## Exercise directions
Please repeat every entry exactly as written, but skip the pictures.

Source records:
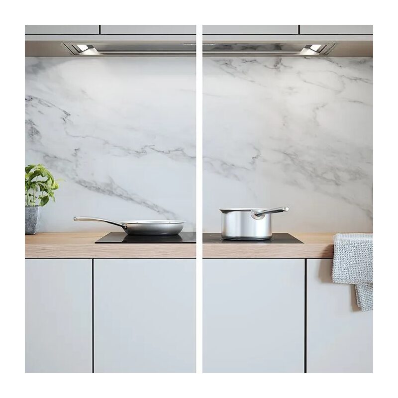 Les deux foyers carrés Real Bridge™ 210 × 190 mm situés à droite peuvent fonctionner séparément ou être réunis pour accueillir de grands récipients.
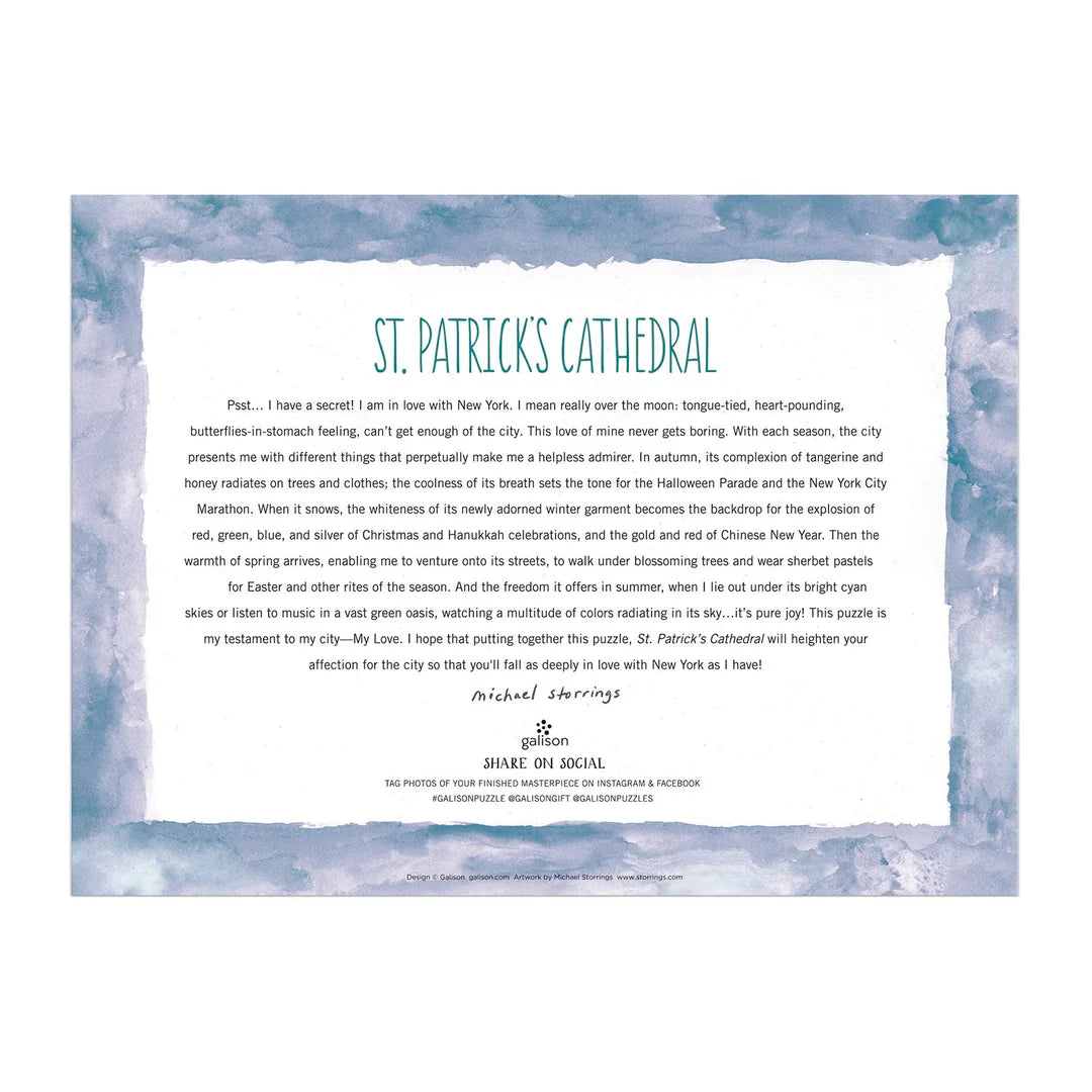 Award-winning designer, illustrator, and creative director Michael Storrings captures the iconic Catholic church and New York City landmark, St. Patricks Cathedral. Galison puzzles are packaged in matte-finish sturdy boxes, perfect for gifting, reuse, and storage. An insert of the full puzzle image is also included.
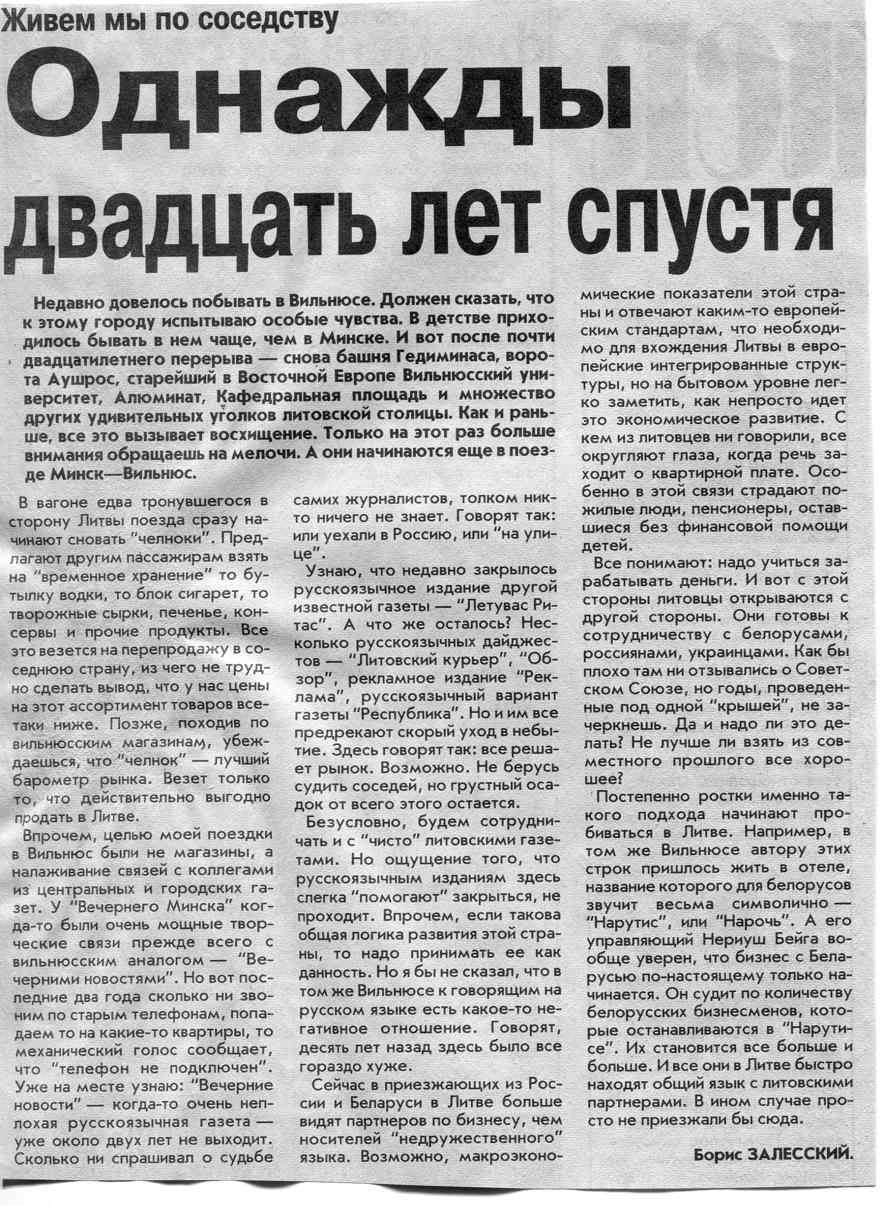 Залесский, Б. Однажды двадцать лет спустя / Б. Залесский // Вечерний Минск. - 2002. - 11 мая.
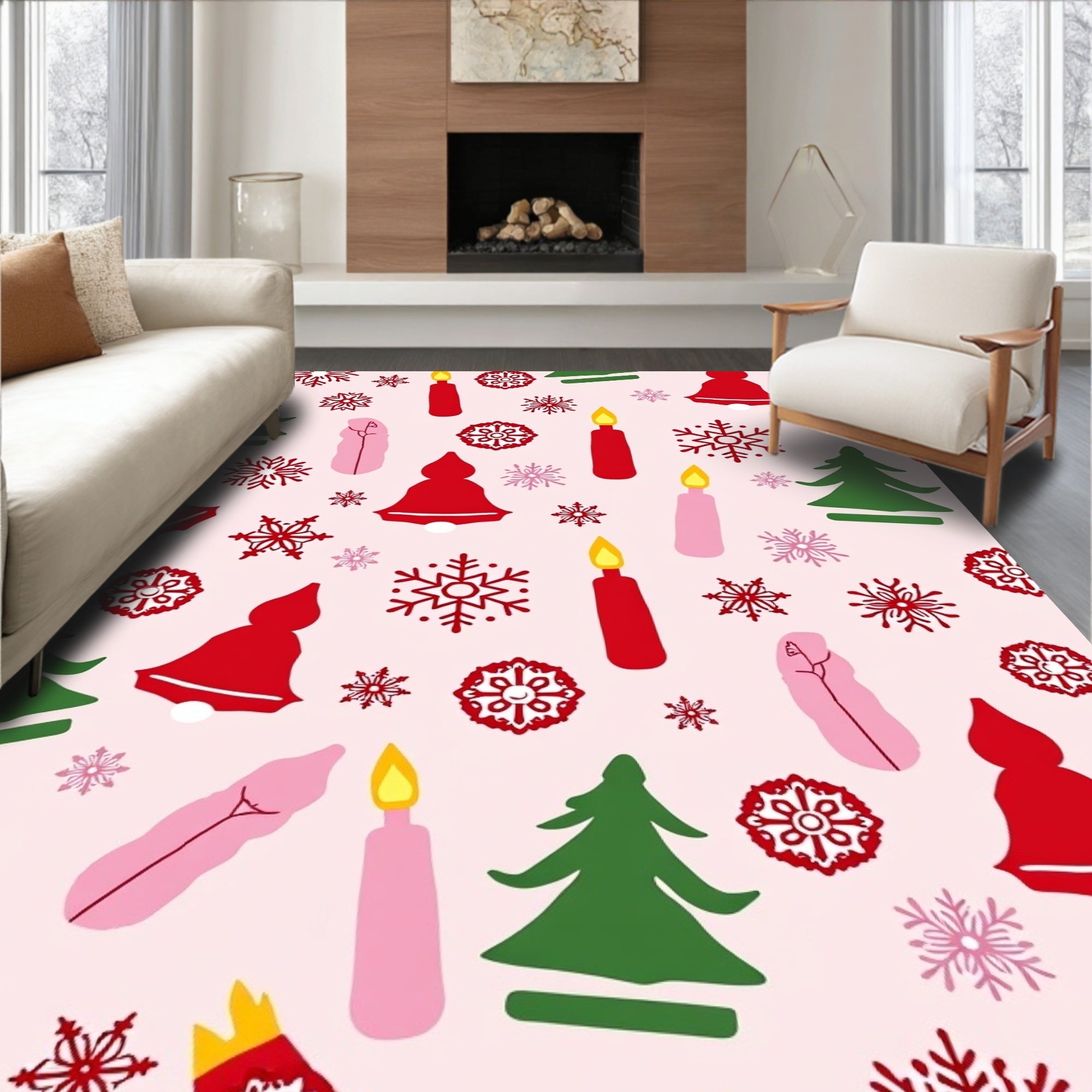 Festive Gnome Snowflake Medallion Doormat with Holiday Candles Design(Pink)
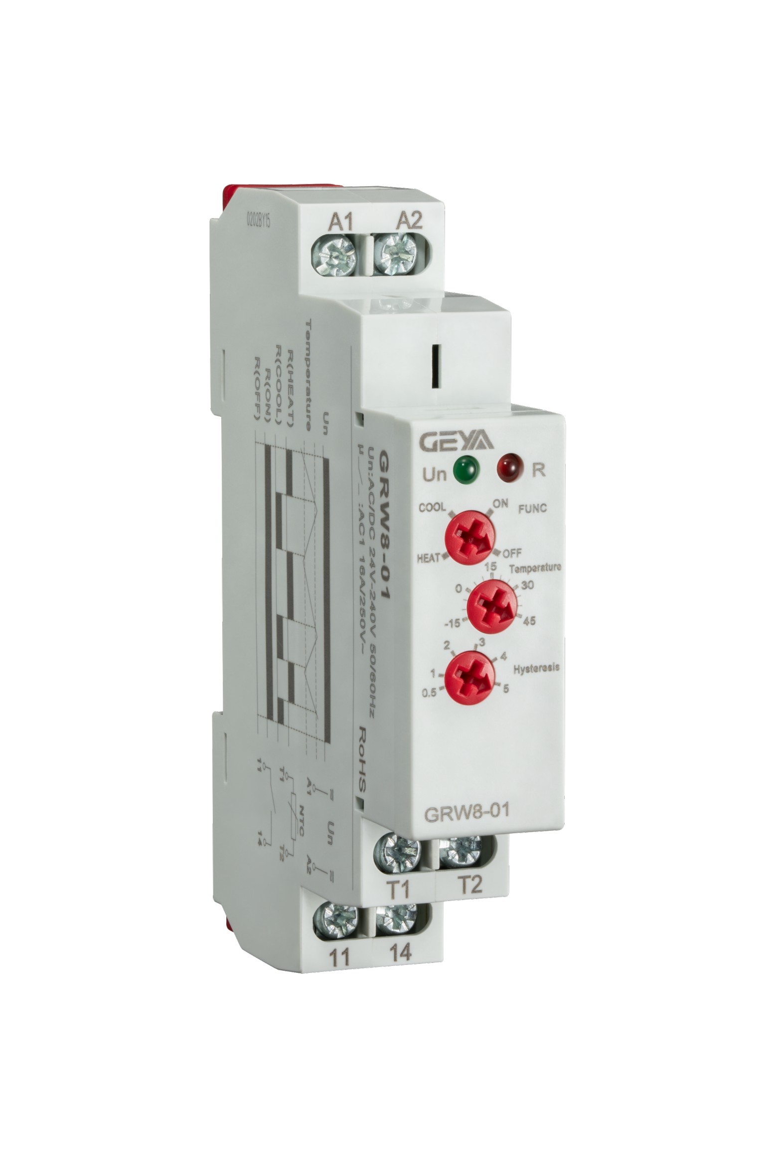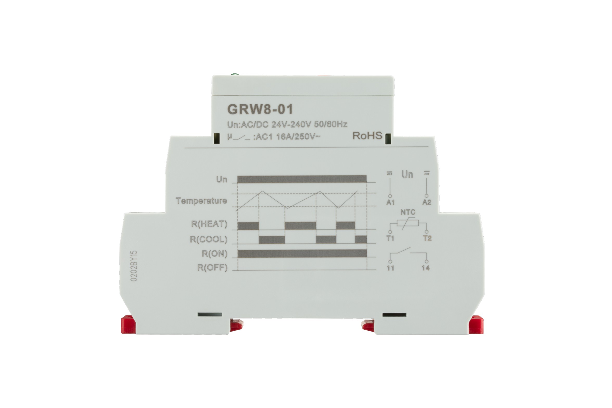 Digital Thermostat GRW8-01 AC/DC 24V-240V Temperature Control Relay Temperature Control Monitor with LN Test Probe Power Terminal DIN Rail Mounting The temperature control relay can select heating/cooling mode for high/low temperature monitoring. The operating status is indicated by LED indicator, the power indicator is green and the output relay indicator is red.
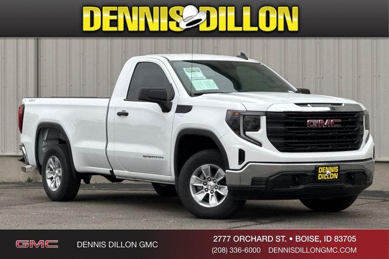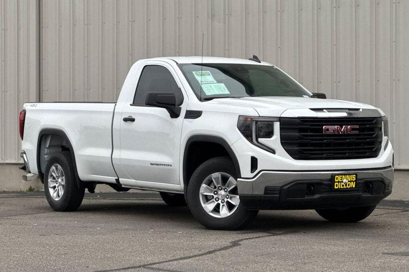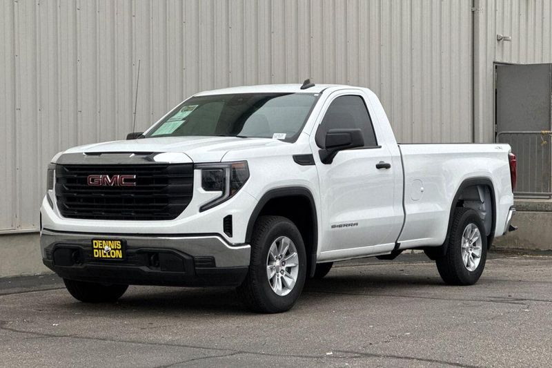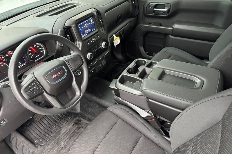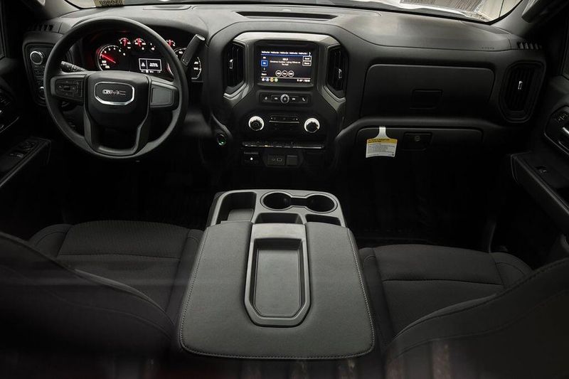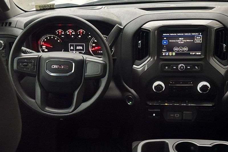 10-Speed Automatic, 4WD, Black Cloth, 170 Amp Alternator, 2 Charge/Data USB Ports, 2 Speakers, 2-Speaker Audio System Feature, 220 Amp Alternator, 4-Way Manual Driver Seat Adjuster, 4-Way Manual Passenger Seat Adjuster, 4-Wheel Disc Brakes, ABS brakes, Air Conditioning, AM/FM radio, Apple CarPlay/Android Auto, Auto High-beam Headlights, Auto-Locking Rear Differential, Automatic Emergency Braking, Auxiliary External Transmission Oil Cooler, Brake assist, Buckle to Drive, Bumpers: chrome, Chrome Header w/Flat Black Grille Insert Bars, Compass, Convenience Package, Deep-Tinted Glass, Delay-off headlights, Driver door bin, Dual front impact airbags, Dual front side impact airbags, Electric Rear-Window Defogger, Electronic Stability Control, Emergency communication system: OnStar, External Engine Oil Cooling, EZ Lift Power Lock & Release Tailgate, Following Distance Indicator, Forward Collision Alert, Front 40/20/40 Split-Bench Seat, Front anti-roll bar, Front Center Armrest w/Storage, Front Frame-Mounted Black Recovery Hooks, Front License Plate Kit, Front Pedestrian Braking, Front reading lights, Front wheel independent suspension, Fully automatic headlights, HD Rear Vision Camera, Heated door mirrors, Hitch Guidance, Illuminated entry, Integrated Trailer Brake Controller, IntelliBeam Automatic High Beam On/Off, Lane Keep Assist w/Lane Departure Warning, LED Cargo Area Lighting, Low tire pressure warning, Occupant sensing airbag, OnStar Services Capable, Outside temperature display, Overhead airbag, Overhead console, Panic alarm, Passenger door bin, Passenger vanity mirror, Power Door Locks, Power door mirrors, Power Front Windows w/Driver Express Up/Down, Power Front Windows w/Passenger Express Down, Power steering, Power windows, Preferred Equipment Group 1SA, Pro Value Package, Push Button Start, Radio data system, Radio: GMC Infotainment Audio System, Rear reading lights, Rear step bumper, Remote Keyless Entry, Remote keyless entry, Solar Absorbing Tinted Glass, Speed control, Speed-sensing steering, Spray-On Pickup Bedliner, Standard Suspension Package, Tachometer, Tilt steering wheel, Traction control, Trailering Package, Trip computer, Variably intermittent wipers, Vinyl Seat Trim, Voltmeter, Wheels: 17'' x 8'' Bright Silver Painted Aluminum, Wheels: 17'' x 8'' Silver Painted Steel, Wi-Fi Hotspot Capable, Wireless Apple CarPlay/Wireless Android Auto, 10-Speed Automatic, 4WD, Black Cloth.
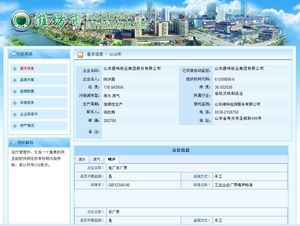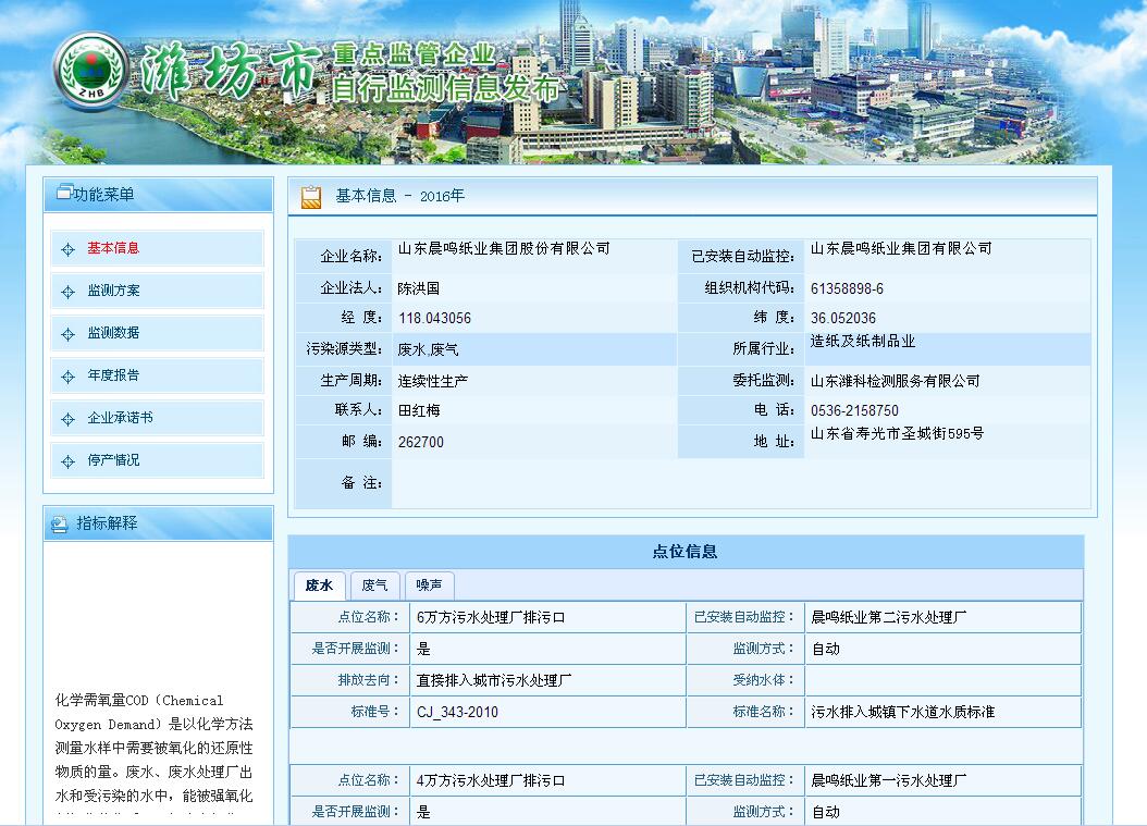 山東晨鳴紙業(yè)集團(tuán)廢水、廢氣自測公示161030
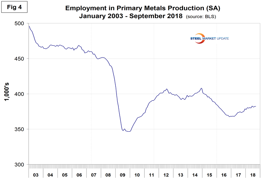 Table 1 shows that primary metals gained 200 jobs in September, and in the last 12 and 24 months, gains on a percentage basis were about the same as for total manufacturing. Figure 4 shows the history of primary metals employment since January 2003.
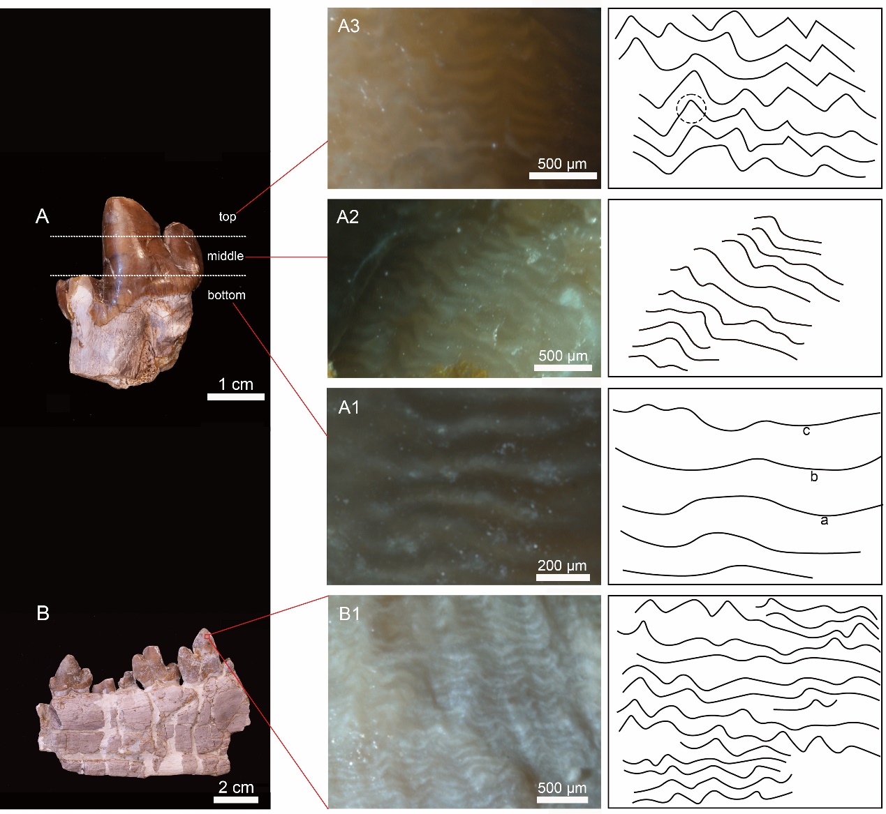 ↑ 渑池东方翼齿兽下臼齿釉质结构分析

## Answer
 Les deux foyers carrés Real Bridge™ 210 × 190 mm situés à droite peuvent fonctionner séparément ou être réunis pour accueillir de grands récipients.
 Award-winning designer, illustrator, and creative director Michael Storrings captures the iconic Catholic church and New York City landmark, St. Patricks Cathedral. Galison puzzles are packaged in matte-finish sturdy boxes, perfect for gifting, reuse, and storage. An insert of the full puzzle image is also included.
 Залесский, Б. Однажды двадцать лет спустя / Б. Залесский // Вечерний Минск. - 2002. - 11 мая.
 Festive Gnome Snowflake Medallion Doormat with Holiday Candles Design(Pink)
 Digital Thermostat GRW8-01 AC/DC 24V-240V Temperature Control Relay Temperature Control Monitor with LN Test Probe Power Terminal DIN Rail Mounting The temperature control relay can select heating/cooling mode for high/low temperature monitoring. The operating status is indicated by LED indicator, the power indicator is green and the output relay indicator is red.
 10-Speed Automatic, 4WD, Black Cloth, 170 Amp Alternator, 2 Charge/Data USB Ports, 2 Speakers, 2-Speaker Audio System Feature, 220 Amp Alternator, 4-Way Manual Driver Seat Adjuster, 4-Way Manual Passenger Seat Adjuster, 4-Wheel Disc Brakes, ABS brakes, Air Conditioning, AM/FM radio, Apple CarPlay/Android Auto, Auto High-beam Headlights, Auto-Locking Rear Differential, Automatic Emergency Braking, Auxiliary External Transmission Oil Cooler, Brake assist, Buckle to Drive, Bumpers: chrome, Chrome Header w/Flat Black Grille Insert Bars, Compass, Convenience Package, Deep-Tinted Glass, Delay-off headlights, Driver door bin, Dual front impact airbags, Dual front side impact airbags, Electric Rear-Window Defogger, Electronic Stability Control, Emergency communication system: OnStar, External Engine Oil Cooling, EZ Lift Power Lock & Release Tailgate, Following Distance Indicator, Forward Collision Alert, Front 40/20/40 Split-Bench Seat, Front anti-roll bar, Front Center Armrest w/Storage, Front Frame-Mounted Black Recovery Hooks, Front License Plate Kit, Front Pedestrian Braking, Front reading lights, Front wheel independent suspension, Fully automatic headlights, HD Rear Vision Camera, Heated door mirrors, Hitch Guidance, Illuminated entry, Integrated Trailer Brake Controller, IntelliBeam Automatic High Beam On/Off, Lane Keep Assist w/Lane Departure Warning, LED Cargo Area Lighting, Low tire pressure warning, Occupant sensing airbag, OnStar Services Capable, Outside temperature display, Overhead airbag, Overhead console, Panic alarm, Passenger door bin, Passenger vanity mirror, Power Door Locks, Power door mirrors, Power Front Windows w/Driver Express Up/Down, Power Front Windows w/Passenger Express Down, Power steering, Power windows, Preferred Equipment Group 1SA, Pro Value Package, Push Button Start, Radio data system, Radio: GMC Infotainment Audio System, Rear reading lights, Rear step bumper, Remote Keyless Entry, Remote keyless entry, Solar Absorbing Tinted Glass, Speed control, Speed-sensing steering, Spray-On Pickup Bedliner, Standard Suspension Package, Tachometer, Tilt steering wheel, Traction control, Trailering Package, Trip computer, Variably intermittent wipers, Vinyl Seat Trim, Voltmeter, Wheels: 17'' x 8'' Bright Silver Painted Aluminum, Wheels: 17'' x 8'' Silver Painted Steel, Wi-Fi Hotspot Capable, Wireless Apple CarPlay/Wireless Android Auto, 10-Speed Automatic, 4WD, Black Cloth.
 山東晨鳴紙業(yè)集團(tuán)廢水、廢氣自測公示161030
 Table 1 shows that primary metals gained 200 jobs in September, and in the last 12 and 24 months, gains on a percentage basis were about the same as for total manufacturing. Figure 4 shows the history of primary metals employment since January 2003.
 ↑ 渑池东方翼齿兽下臼齿釉质结构分析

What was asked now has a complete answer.